Everything in the listing that follows should be reproduced exactly except the pictures.

Segment Open

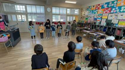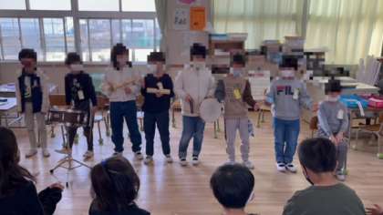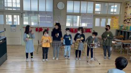 2年生は音楽で「かぼちゃ」を演奏していました。いろいろな楽器の音を重ねて、その重なりを楽しむ学習です。歌いながら上手に演奏できました。
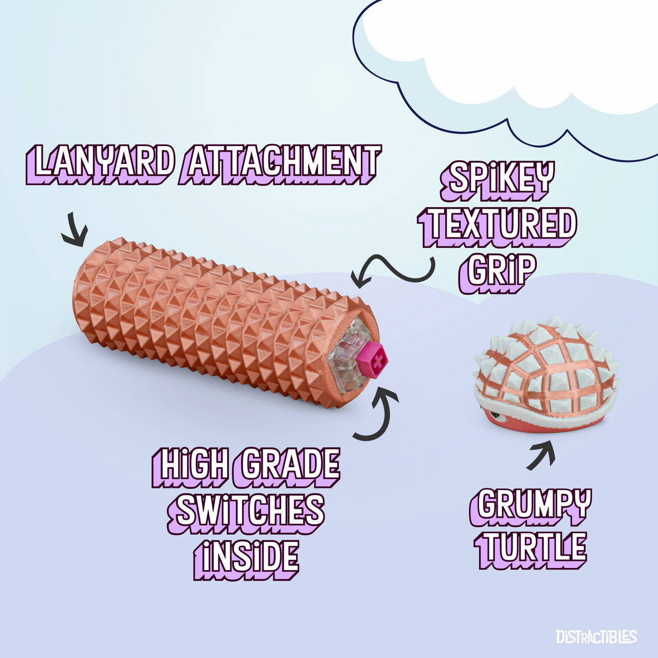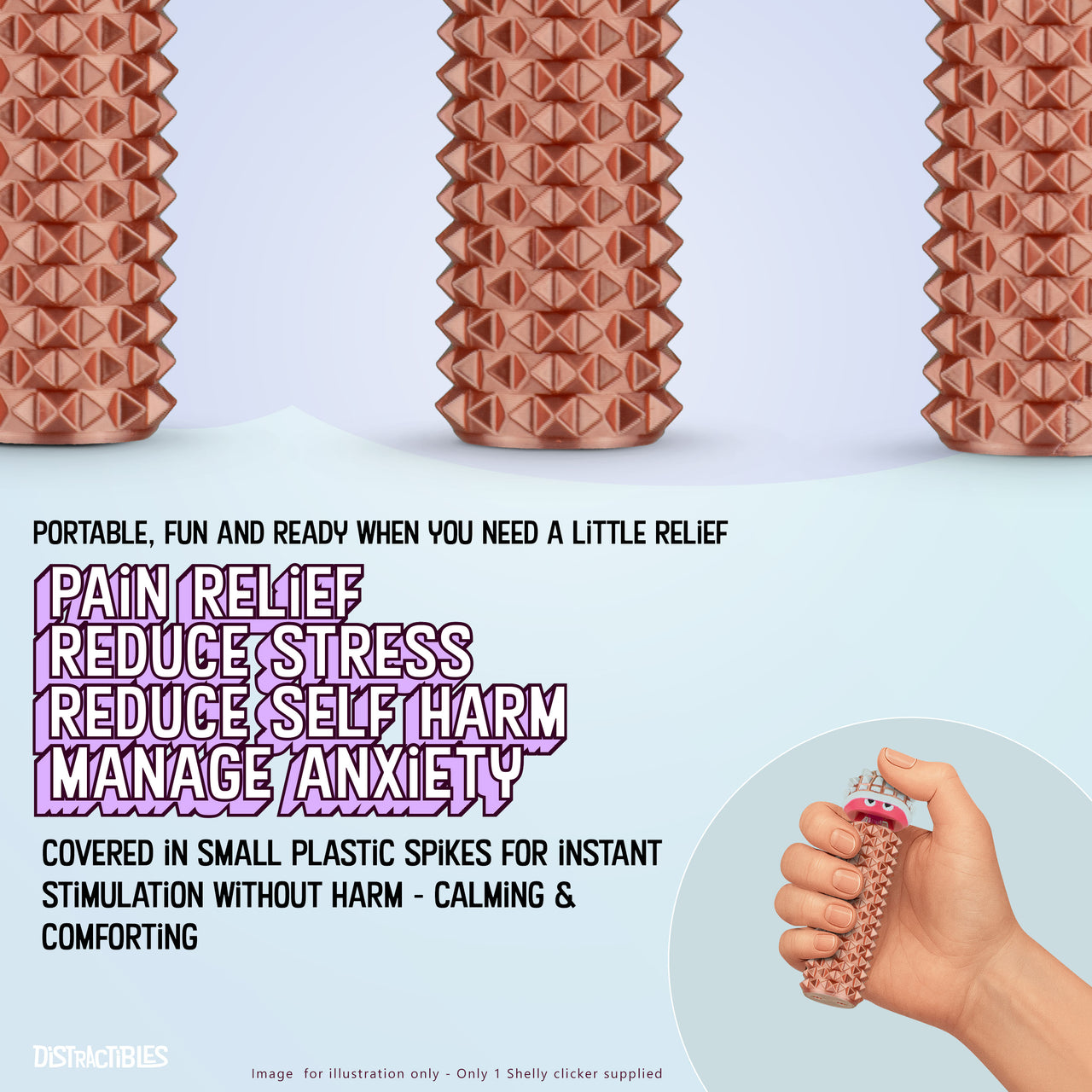 Shelly - Sensory Fidget Toy, Textured Pain Stimming Device, Stress Relief for Focus and Concentration (Neon Rosé)
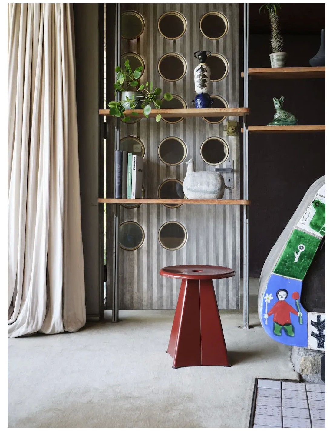 VitraIl pratico sgabello Tabouret Métallique (1936) di Jean Prouvé, utilizzabile anche come tavolino di appoggio, presenta affinità strutturali con il successivo tavolo Trapèze.
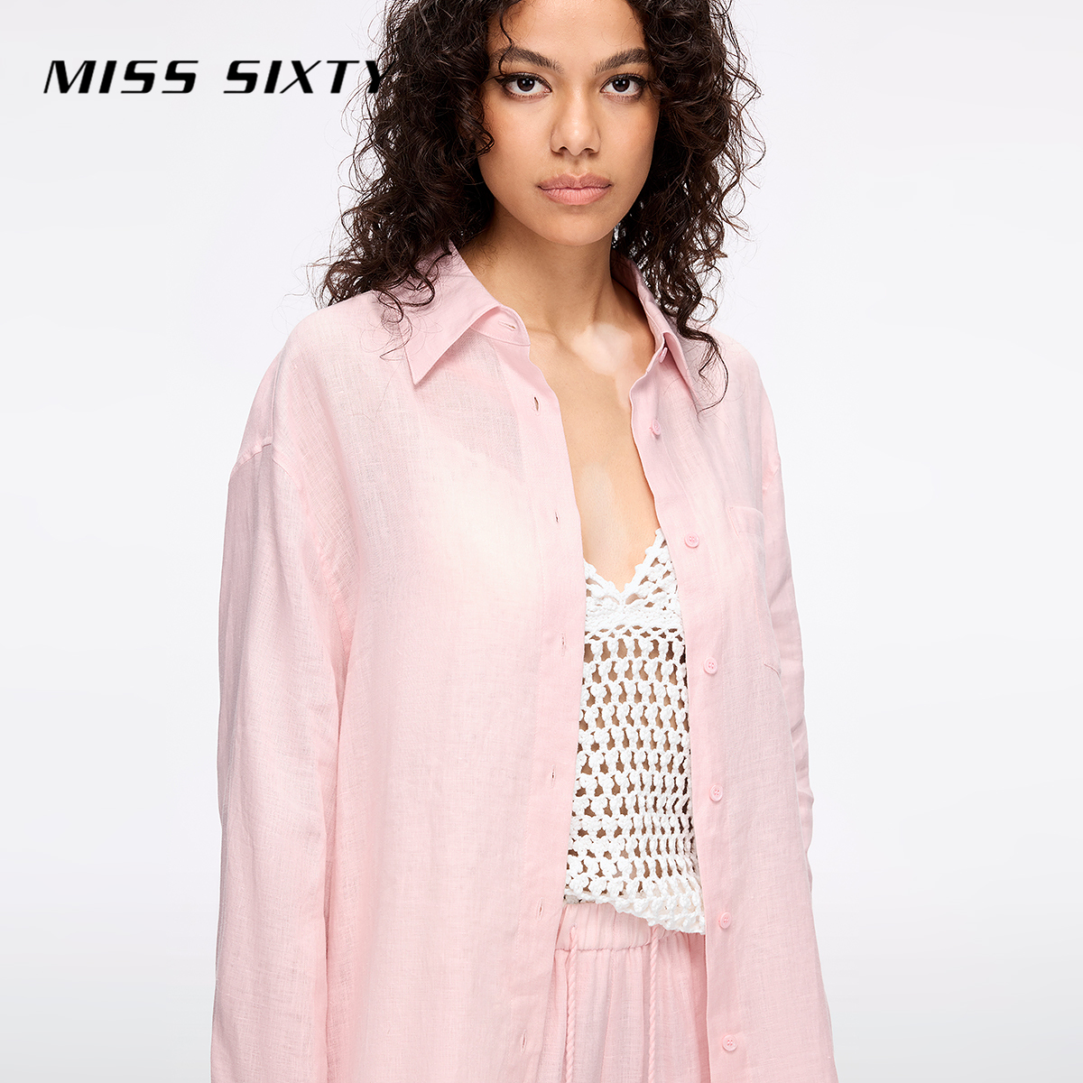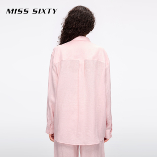 女纯色翻领亚麻百搭宽松长袖 Miss 衬衫 新款 淡人穿搭 Sixty2025夏季
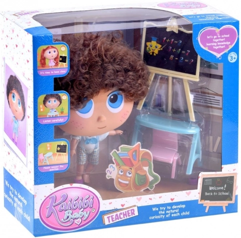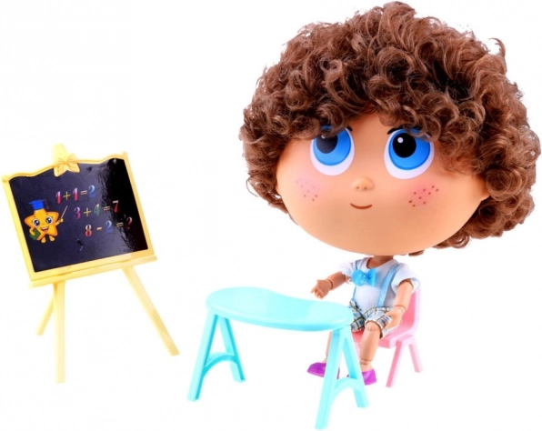 Roztomilá bábika učiteľ Tymek na hru na školu prináša deťom veľa fantázie aj zábavy. V balení nájdete tabuľu, stôl a stoličku. Bábika má pohyblivé kĺby a hlavu otočnú o 360°, veľké modré oči, pehy a kučeravé vlasy. Skvelé na rolové hry a rozvoj kreativity.
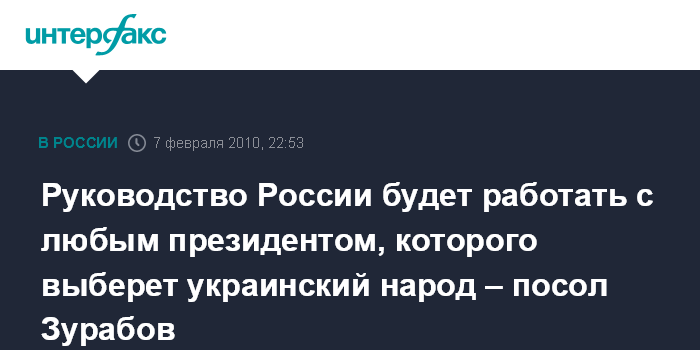 Киев. 7 февраля. INTERFAX.RU - Руководство Российской Федерации готово к активному сотрудничеству с любым президентом, которого выберут украинские граждане, заявил посол РФ в Киеве Михаил Зурабов.
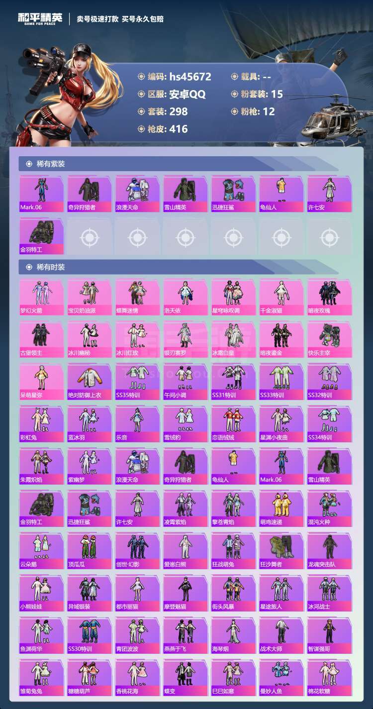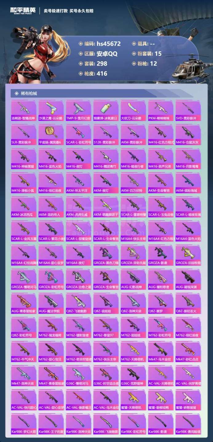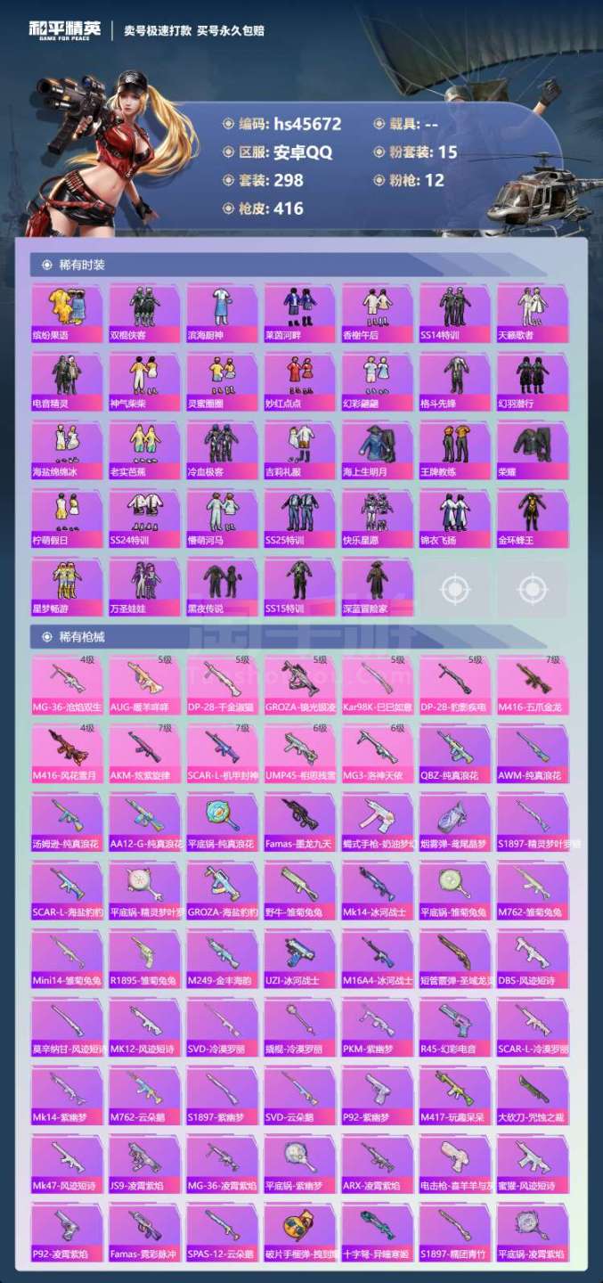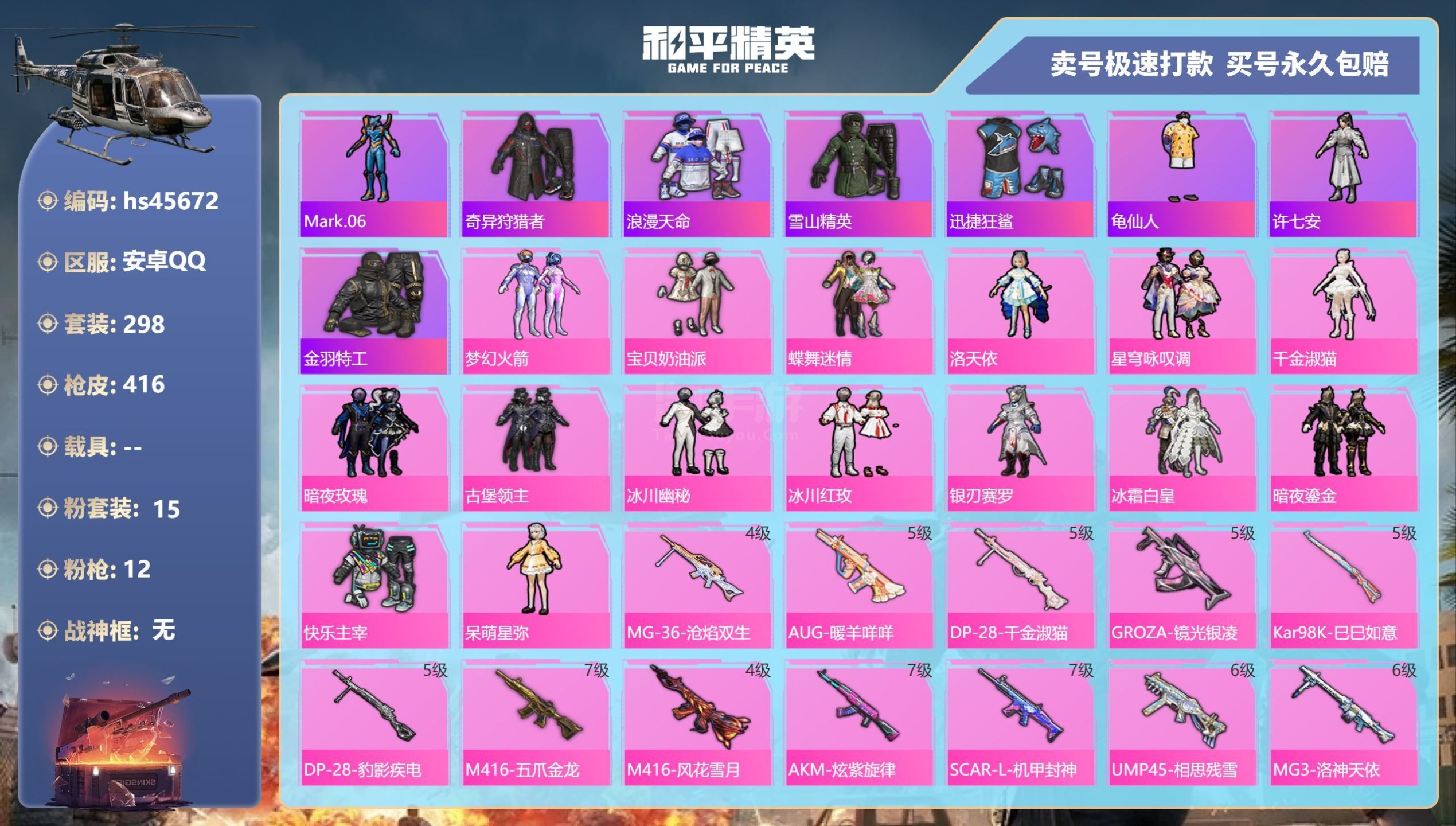 hs45672 安卓手Q-30王牌印记-15粉装-12特效枪-0载具-127028热力值-298套装
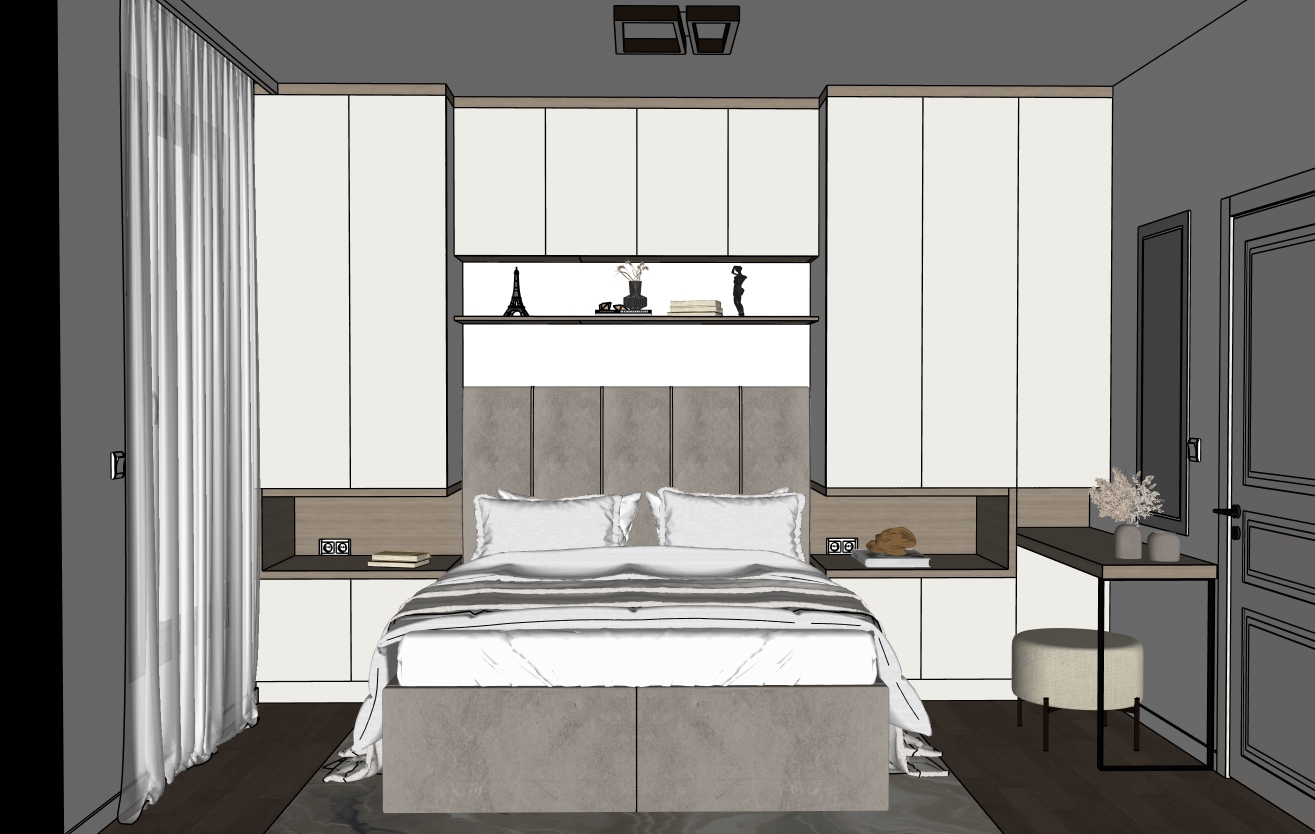 keep colors textures shapes don t change anything bottom of the bar is same color as front of the shelves make photo realistic with natural day light front of wardrobes are light beige light come from left side on right side under the make up table is mirror make brighter light beige on the wardrobe
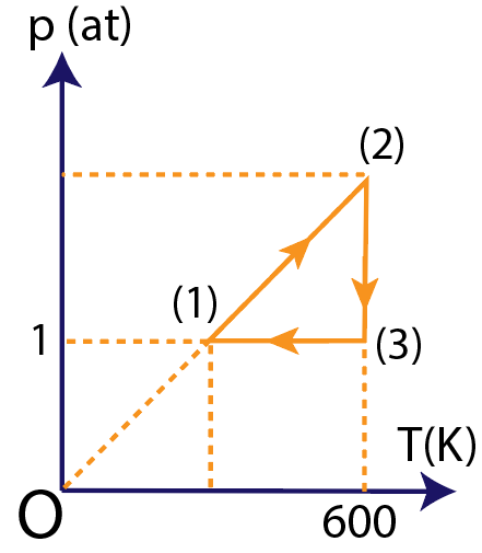 | c) Các thông số của khối khí ở trạng thái 2 là $p_{2} = 2\,\, at;\,\, V_{2} = 6\,\, lit;\,\, T_{2} = 300\,\, K$. | ||
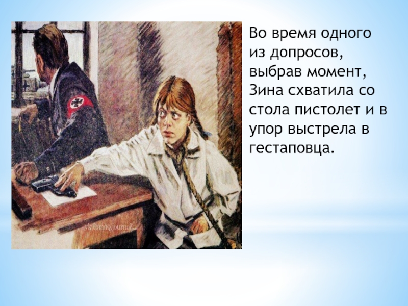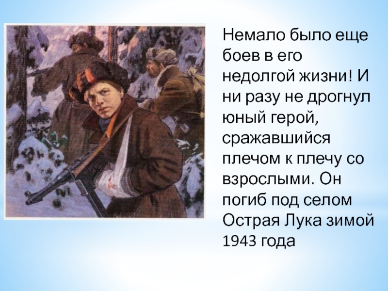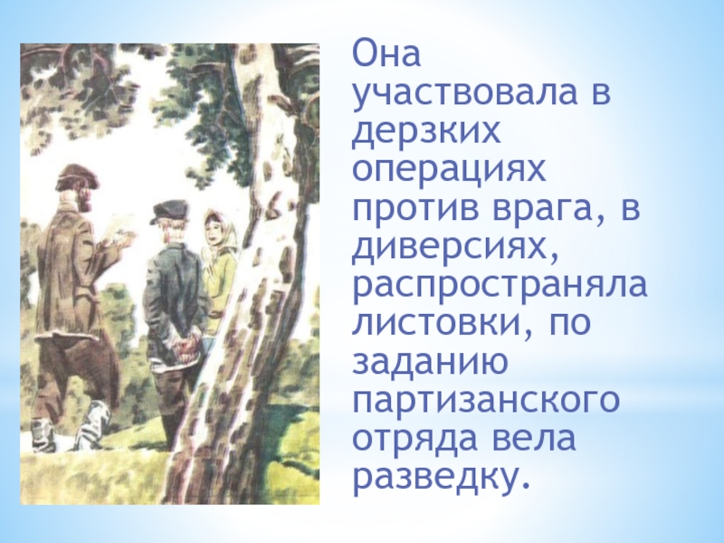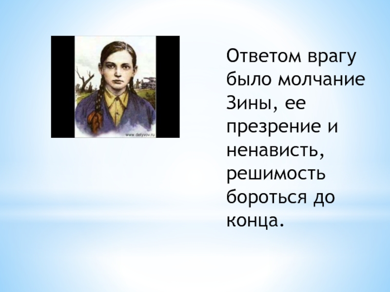 Отважная юная пионерка была зверски замучена, но до последней минуты оставалась стойкой, мужественной, несгибаемой.

Segment Closed

> [Exercise solution]
 2年生は音楽で「かぼちゃ」を演奏していました。いろいろな楽器の音を重ねて、その重なりを楽しむ学習です。歌いながら上手に演奏できました。
 Shelly - Sensory Fidget Toy, Textured Pain Stimming Device, Stress Relief for Focus and Concentration (Neon Rosé)
 VitraIl pratico sgabello Tabouret Métallique (1936) di Jean Prouvé, utilizzabile anche come tavolino di appoggio, presenta affinità strutturali con il successivo tavolo Trapèze.
 女纯色翻领亚麻百搭宽松长袖 Miss 衬衫 新款 淡人穿搭 Sixty2025夏季
 Roztomilá bábika učiteľ Tymek na hru na školu prináša deťom veľa fantázie aj zábavy. V balení nájdete tabuľu, stôl a stoličku. Bábika má pohyblivé kĺby a hlavu otočnú o 360°, veľké modré oči, pehy a kučeravé vlasy. Skvelé na rolové hry a rozvoj kreativity.
 Киев. 7 февраля. INTERFAX.RU - Руководство Российской Федерации готово к активному сотрудничеству с любым президентом, которого выберут украинские граждане, заявил посол РФ в Киеве Михаил Зурабов.
 hs45672 安卓手Q-30王牌印记-15粉装-12特效枪-0载具-127028热力值-298套装
 keep colors textures shapes don t change anything bottom of the bar is same color as front of the shelves make photo realistic with natural day light front of wardrobes are light beige light come from left side on right side under the make up table is mirror make brighter light beige on the wardrobe
 | c) Các thông số của khối khí ở trạng thái 2 là $p_{2} = 2\,\, at;\,\, V_{2} = 6\,\, lit;\,\, T_{2} = 300\,\, K$. | ||
 Отважная юная пионерка была зверски замучена, но до последней минуты оставалась стойкой, мужественной, несгибаемой.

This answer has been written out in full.